Iain-S/torch-ccl-segfault

MRE for CCL bindings for PyTorch crash

PythonMIT

torch-ccl-segfault

MRE for CCL bindings for PyTorch crash.

Steps

Install PyTorch, the Intel Extensions and the CCL Bindings with:

python -m pip install \
torch==2.1.0a0 \
torchvision==0.16.0a0 \
torchaudio==2.1.0a0 \
intel-extension-for-pytorch==2.1.10+xpu \
oneccl-bind-pt==2.1.100+xpu \
--extra-index-url https://pytorch-extension.intel.com/release-whl/stable/xpu/us/

the version numbers are those specified by these ipex docs.

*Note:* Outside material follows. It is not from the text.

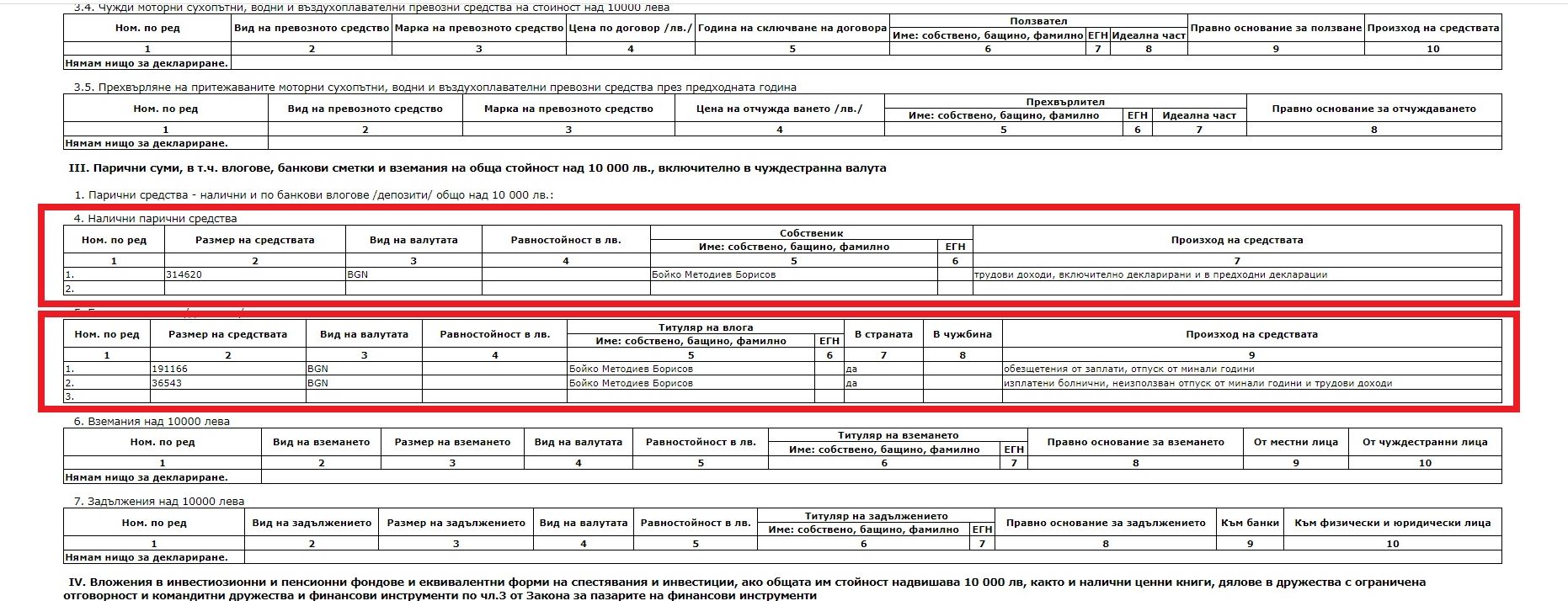Лидерът на ГЕРБ Бойко Борисов е обявил като налични средства само 314 620 лева, като е посочил, че те са от трудови доходи, включително декларирани и в предходни декларации.

Use MPI and the run_allgather.sh script to launch allgather.py:
```
mpiexec.hydra -n 2 run_allgather.sh ccl 2_000_000 xpu
```

Note that:

Running with a small tensor on the XPU with mpiexec.hydra -n 2 run_allgather.sh ccl 2_000_000 xpu works as expected.
Running with a slightly bigger tensor on the XPU with mpiexec.hydra -n 2 run_allgather.sh ccl 3_000_000 xpu does not work.
Running the larger tensor on a CPU with mpiexec.hydra -n 2 run_allgather.sh ccl 3_000_000 cpu does work.